The logic seems to be that since God is wise and loving, if unexpected thoughts come to one in prayer that are relevant to the subject at hand, they must come from God. In other words, since all cats have four legs, and all dogs have four legs, all cats are dogs. Can kind, loving and even wise thoughts not come from ourselves? Do not even nice people who are not believers- like Tanya Luhrman- have kind, loving and wise thoughts?  Yes, the unscriptural and presumptuous teachings of their churches, which confuse the extremely rare biblical precident of direct revelation from God with the normal, every day experience of the average believer (and do so totally without biblical support) do indeed form a filter through which charismatics interpret merely psychological phenomena common to all human beings, with or without the Holy Spirit. And who says that a feeling of peace is in any sense an indication of a thought's divine origin? If the teaching of Christ tells us anything, it is that the Holy Spirit's ministry will provoke violent opposition from the Old Self that continues to exist within us and war against the New. If the Old Self is cool with something, how is that proof that it comes from God?
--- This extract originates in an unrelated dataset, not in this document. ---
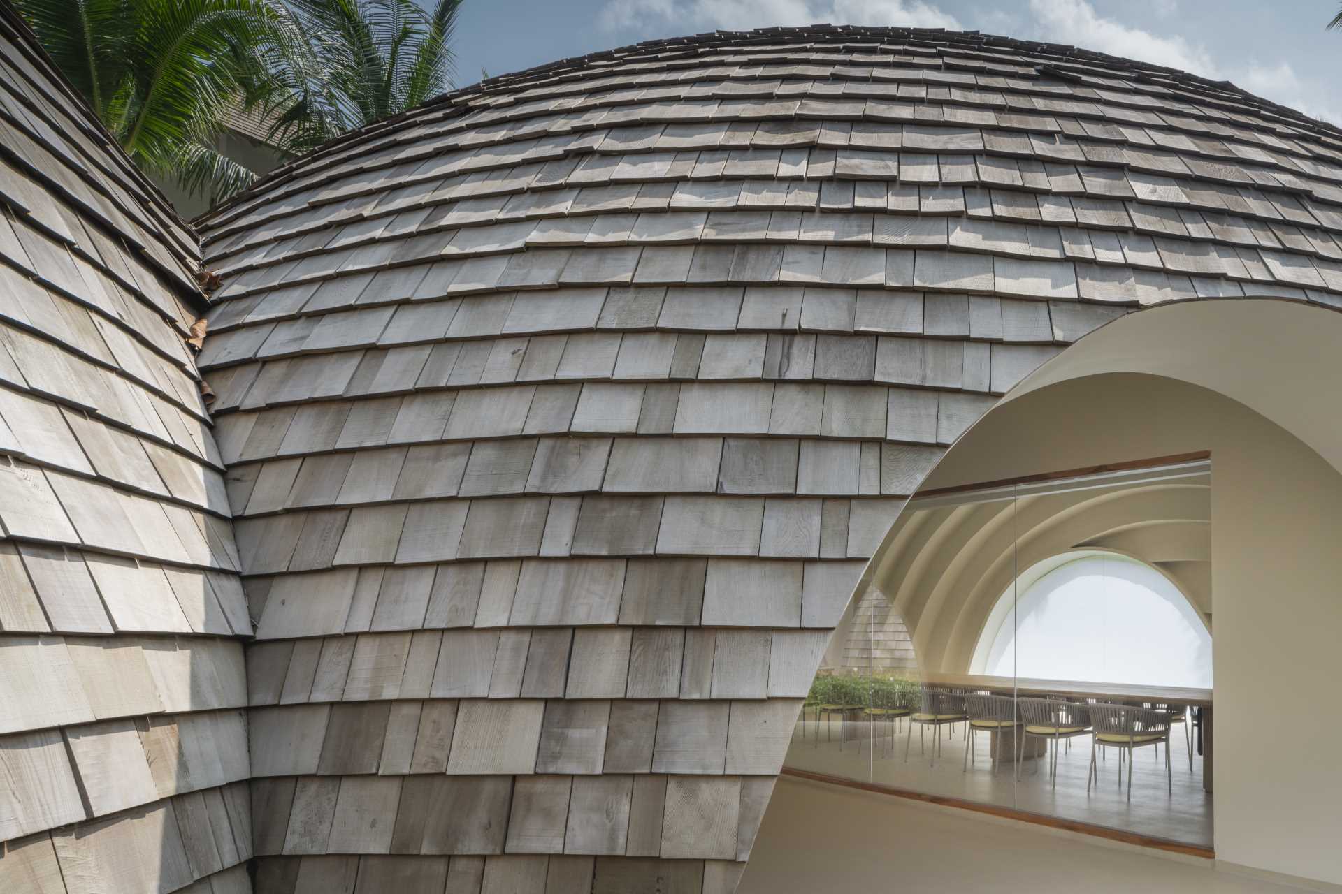 The curved building exterior is clad with wooden shingles, with openings giving a glimpse of the lobby inside.

There aren't many false teachings which have caused more spiritual misery and have led people to such profound and even ridiculous spiritual dead ends than the notion that God whispers in their ears- or that He can be expected to. Yes, we pray about our decisions and our circumstances. Yes, the Spirit brings the truth of His Word to our awareness, and helps us to apply it in the context of our lives. But in the last analysis, we are capable of being deceived, usually with the active complicity of our own fallen natures. Calling the products of our own psychology the voice of God doesn't protect us from being wrong. And while they are very good at rationalizing the experience away, those who rely on "God" to whisper advice directly into their ears while circumventing their own psychology very often are wrong. The late Professor Kurt Marquart of Concordia Theological Seminary in Fort Wayne used to tell the story of a "message" that came to a man at a Pentecostal church service that said that if the pastor would ride all over the county on a black horse preaching the Gospel, a great revival would take place.
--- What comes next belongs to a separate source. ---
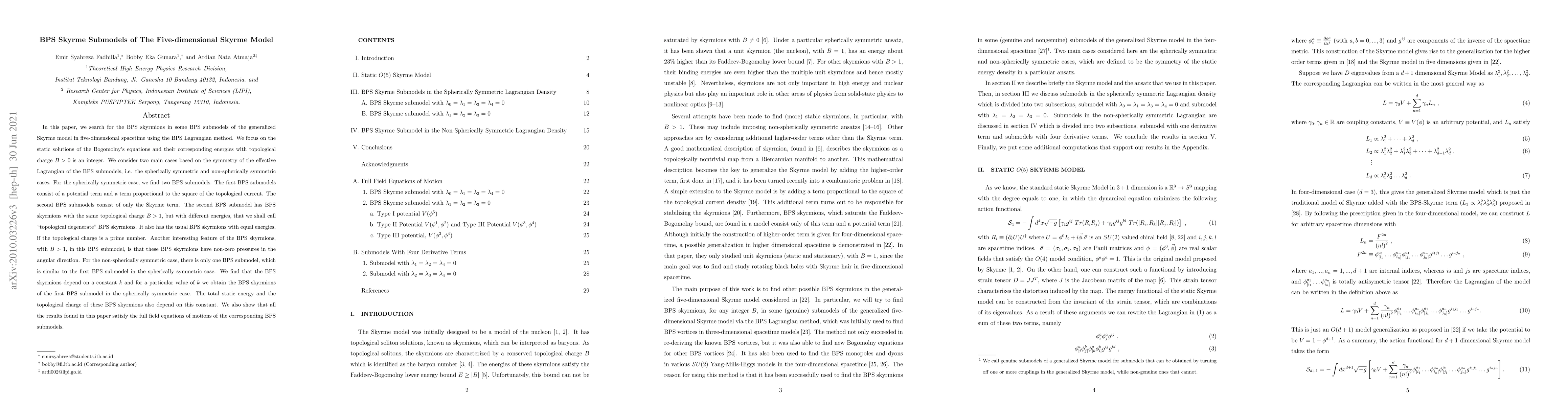 This paper explores BPS skyrmions in two BPS submodels of the five-dimensional Skyrme model, focusing on static solutions and their energies. It identifies "topological degenerate" BPS skyrmions in one submodel, which exhibit non-zero pressures in the angular direction. The results satisfy the full field equations of the corresponding submodels.

The congregation searched far and wide, but nowhere in the county were they able to find a black horse. So "God" sent them another message: Not to worry. A brown one would do.

Think about it.

I once heard a pastor describe the phenomenon known to theologians as "Enthusiasm" by inviting us to imagine the local high school football stadium filled to capacity some Friday night, and the fans enthusiastically cheering the efforts of the local eleven down on the field. 

Now imagine the same stadium, he said, on a Tuesday night. The same crowd is there, and they're cheering and hollering just as enthusiastically. Except when you look down on the field, there's no game going on.

Cheering and hollering are indeed real phenomena. But they do not necessarily mean that there's a football game going on, except in the imaginations of the crowd.